Familypedia


Forums: Index > Watercooler > How we encode our data


Messagebox info grn
Info Pages

This is about Metadata. Feel free to skip the theory to get to the meat: #Using /info subpages

HOLD IT! just when most of us have learned how to use info pages, there may be an even better way (unexpectedly earlier than User:Phlox believed possible 19 months ago), using forms or something a little different from info pages but with the same idea: instead of writing skeleton biographies with lines like "Married: 1897 at London", you can put the 1897 and the London in their own boxes and sit back while the software arranges them sensibly and sometimes even gets the info from somewhere else so that you don't have to type it again. Read up on info pages below the first heading, but also please have a look at Help:Semantic MediaWiki. I know (from using XML in advanced searching)) the sorts of marvellous things it can do, but I don't know how yet. Phlox doesn't know exactly either, but he's slaving away at it and deserves heaps of admiration. — Robin Patterson (Talk) 13:54, 12 May 2009 (UTC)

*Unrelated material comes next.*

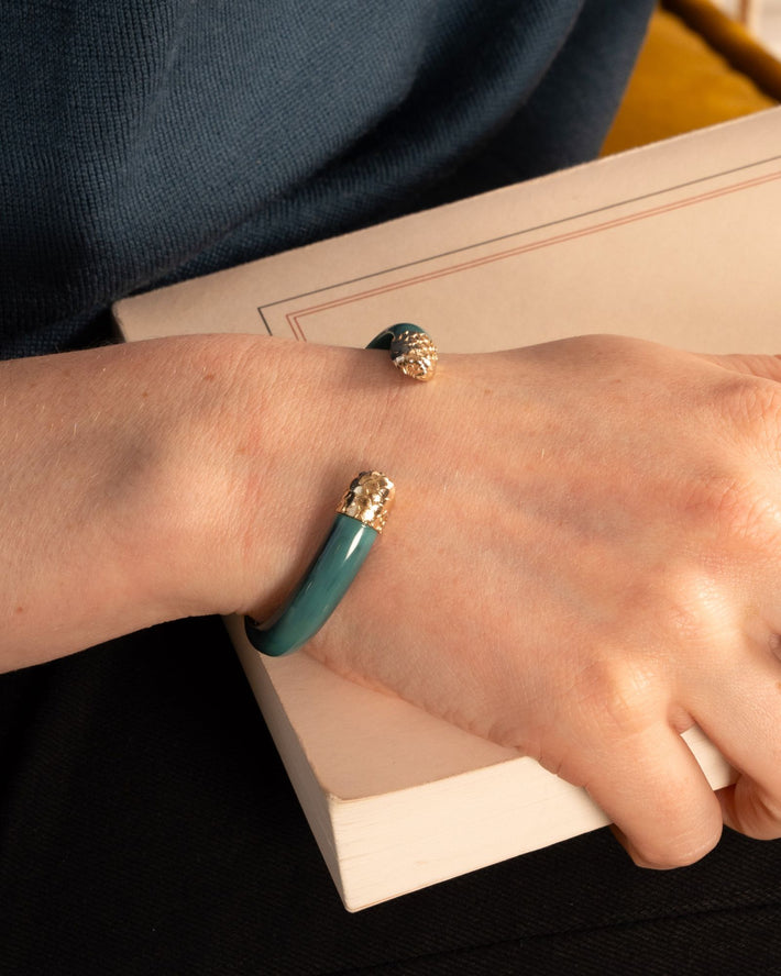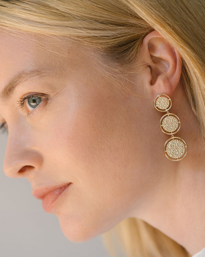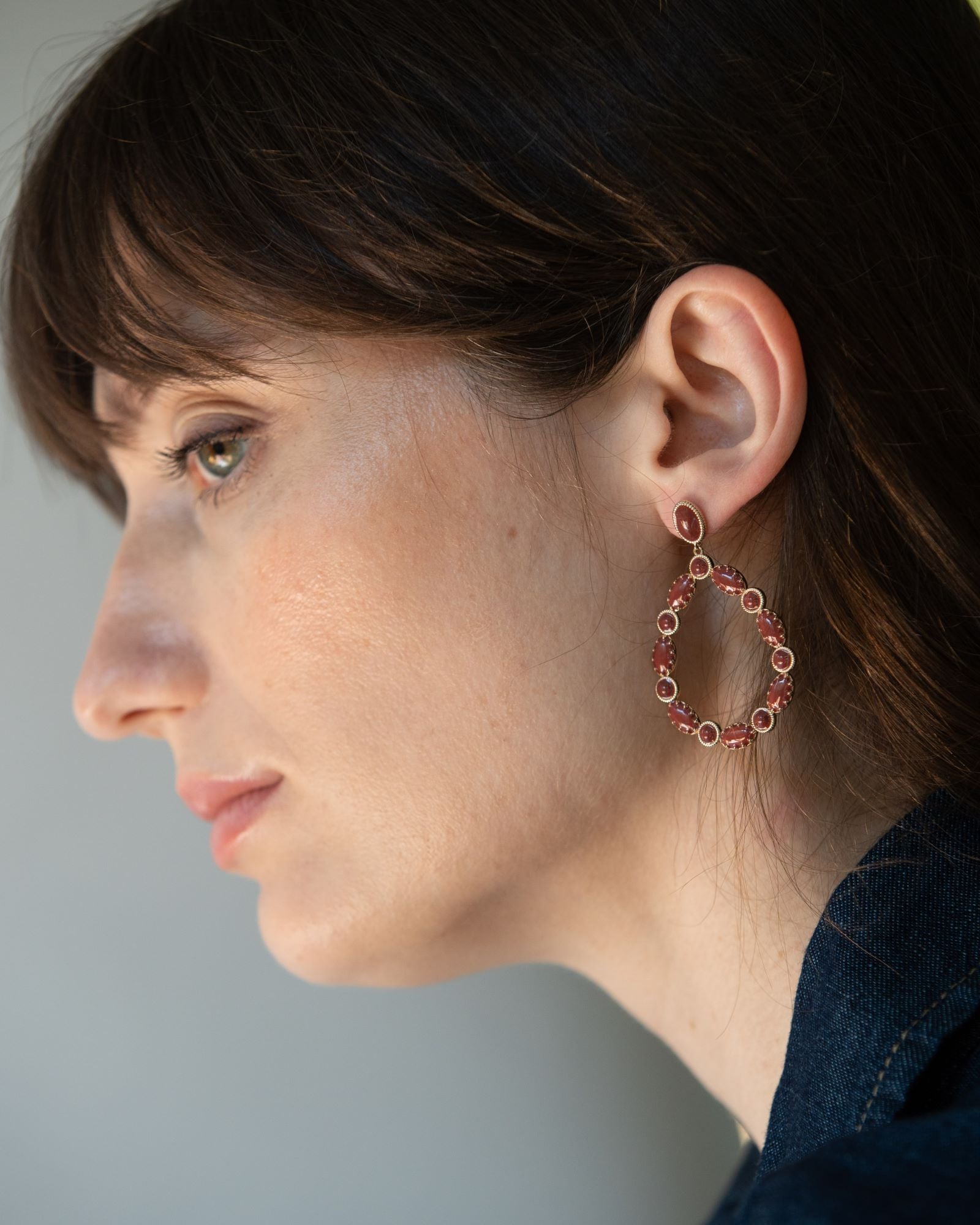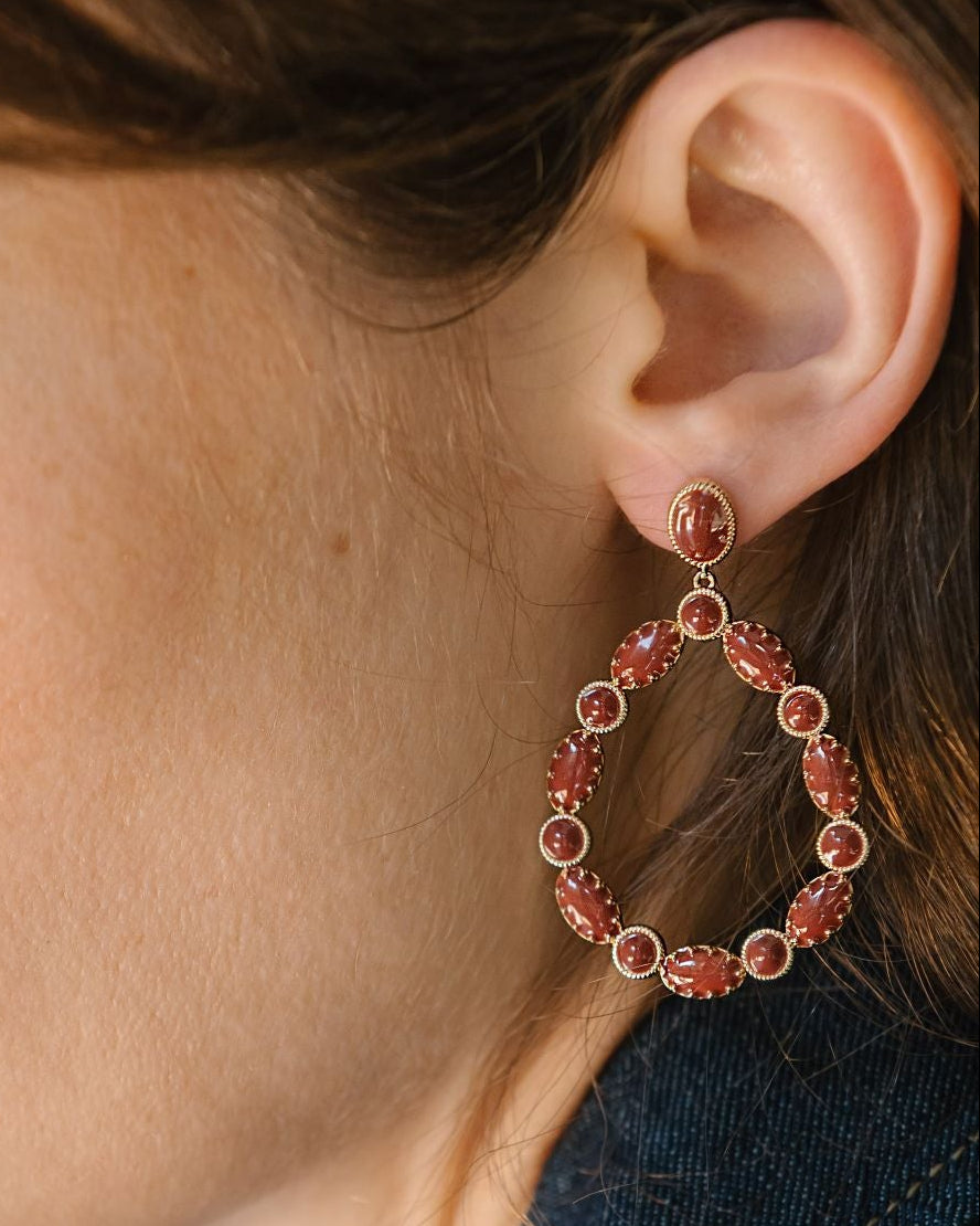 Boucles d'oreilles pendantes au finitions laquées et serti clos décoratif. Un design affirmé à l’esthétique vintage.

There are some in the wiki and internet community who advocate representation of information in a way that computers can evaluate. This movement is of relevance to genealogy enthusiasts since, unlike most genealogy programs, a wiki has none of the "database" like features of reusing information. Using genealogy programs and "databasey" genealogy sites like Genealogics, when you change a birthdate for a subject, automatically every page using that birthdate gets the change. Such information sharing makes it easier to keep the database tidy. Beyond this housekeeping advantage, high tech advantages of declaring such information formally include the ability to make inferences based on such representation of information. Genealogy information is more simple than more general domains of information representation and so problems such as identifying inconsistencies does not involve complicated logic. EG.

  1. Joe was married to Mary.
    • The date of this event was X.
  2. Child Y 's mother was Mary.
    • The source of this idea is A.
  3. Child Y's mother was Jane.
    • The source of this idea is B.

Situations with conflicting information such as item #2's version of the truth 2 and item 3's alternate view are well known to anyone dabbling even briefly with genealogy research. Strict genealogy systems sometimes have problems representing inconsistent or ambiguous information, but Wikis have no such constraints. The two approaches are not mutually exclusive. In some future genealogy wikia, such ambiguous and contradictory information can alter the probablistic confidence of particular views of a family history using stuff like Bayesian inference.


Gedcom represents some of this information, but LDS's goal[1] for Gedcom was that it be a format for exporting or importing data to various programs or internet sites, nothing more. Gedcom 6.0 (XML) format continues to confine itself to that goal, and explicitly states this in its draft spec.[1]


In the Wikicommunity, many infobox templates are recording information conforming to the HCard Microformat. This sort of encoding can potentially support a superset of the information that Gedcom 6.0's XML format will support. If we wish to follow that sort of direction, the Gedcom5.5 java program that converts to Gedcom6.0 like XML or alternatively to Resource Description Framework (RDF) format might be of interest. Further information on the program and discussion of the issues for such semantic representation of genealogical information may be found on Jay Askren's site.


Another method of encoding metadata for a person has been advanced by the Biography project. They use "Persondata" information contained in commented text placed at the end of the article. The advantage of this is that it is unobtrusive- no one is required to use infoboxes for their articles. The disadvantage is that if people don't see the information in the resulting article, there is no incentive to keep the information valid with respect to other information in the article. Push comes to shove, I think that sooner or later we will have some kind of standard infobox to normalize the appearance of articles.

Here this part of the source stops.